109: The length used for matching is that of the string argument
110: in the magic file. This means that a line can match any string, and
111: then presumably print that string, by doing
112: .B >\e0
113: (because all strings are greater than the null string).
114: .IP message
115: The message to be printed if the comparison succeeds. If the string
116: contains a
117: .IR printf (3S)
118: format specification, the value from the file (with any specified masking
119: performed) is printed using the message as the format string.
120: .PP
121: Some file formats contain additional information which is to be printed
122: along with the file type. A line which begins with the character
123: .B >
124: indicates additional tests and messages to be printed. The number of
125: .B >
126: on the line indicates the level of the test; a line with no
127: .B >
128: at the beginning is considered to be at level 0.
129: Each line at level
130: .IB n \(pl1
131: is under the control of the line at level
132: .IB n
133: most closely preceding it in the magic file.
134: If the test on a line at level
135: .I n
136: succeeds, the tests specified in all the subsequent lines at level
137: .IB n \(pl1
138: are performed, and the messages printed if the tests succeed. The next
139: line at level
140: .I n
141: terminates this.
142: If the first character following the last
143: .B >
144: is a
145: .B (
146: then the string after the parenthesis is interpreted as an indirect offset.

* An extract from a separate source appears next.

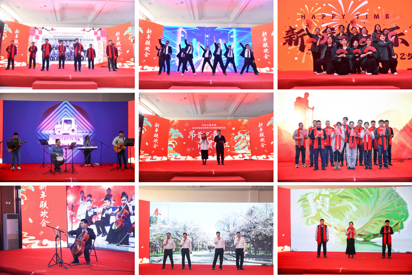 一首由汽车系教工带来的改编歌曲《新青年,大汽车》拉开了公司新年联欢会的序幕,中国梦、青年梦、汽车梦,这群朝气蓬勃的年轻人必将一路驰骋、拼搏飞扬;全重实验室的舞蹈《饿狼传说》,用充满活力的舞姿激发着老师们追求自由的勇气,书写汽车人永不言败的传奇;歌曲《能源热科学一起向未来》雄浑有力,诉说着他们在新时代的道路上携手并进、共同奋斗的坚定信念;机关女教工舞蹈串烧《APT》《寄明月》展现了新时代汽车人的青春、激情和梦想,赢得了现场阵阵欢呼;教师爱子带来大提琴演奏《灯火里的中国》《若月亮没来》,让我们感受到公司教工的爱国情怀和为祖国奋斗的精神传承;《卷就一个字》由能动系教师倾情献唱,蕴含着对生活无限的热情和追求;公司教工组成的拖拉机乐队带来《上春山》《我们的时光》,共同献给我们充满激情又昂扬向上的拼搏时光;车身系带来的合唱《明天会更好》表达了对未来的希望和热情,更是祝愿公司发展明天会更好。

147: That means that the number after the parenthesis is used as an offset in
148: the file. The value at that offset is read, and is used again as an offset
149: in the file. Indirect offsets are of the form:
150: .BI (( x [.[bsl]][+-][ y ]).
151: The value of
152: .I x
153: is used as an offset in the file. A byte, short or long is read at that offset
154: depending on the
155: .B [bsl]
156: type specifier. To that number the value of
157: .I y
158: is added and the result is used as an offset in the file. The default type
159: if one is not specified is long.
160: .SH BUGS
161: The formats
162: .IR long ,
163: .IR belong ,
164: .IR lelong ,
165: .IR short ,
166: .IR beshort ,
167: .IR leshort ,
168: .IR date ,
169: .IR bedate ,
170: and
171: .I ledate
172: are system-dependent; perhaps they should be specified as a number
173: of bytes (2B, 4B, etc),
174: since the files being recognized typically come from
175: a system on which the lengths are invariant.
176: .PP
177: There is (currently) no support for specified-endian data to be used in
178: indirect offsets.
179: .SH SEE ALSO
180: .IR file (1)
181: \- the command that reads this file.
182: .\"
183: .\" From: guy@sun.uucp (Guy Harris)
184: .\" Newsgroups: net.bugs.usg
185: .\" Subject: /etc/magic's format isn't well documented
186: .\" Message-ID: <2752@sun.uucp>
187: .\" Date: 3 Sep 85 08:19:07 GMT
188: .\" Organization: Sun Microsystems, Inc.
189: .\" Lines: 136
190: .\"
191: .\" Here's a manual page for the format accepted by the "file" made by adding
192: .\" the changes I posted to the S5R2 version.
193: .\"
194: .\" Modified for Ian Darwin's version of the file command.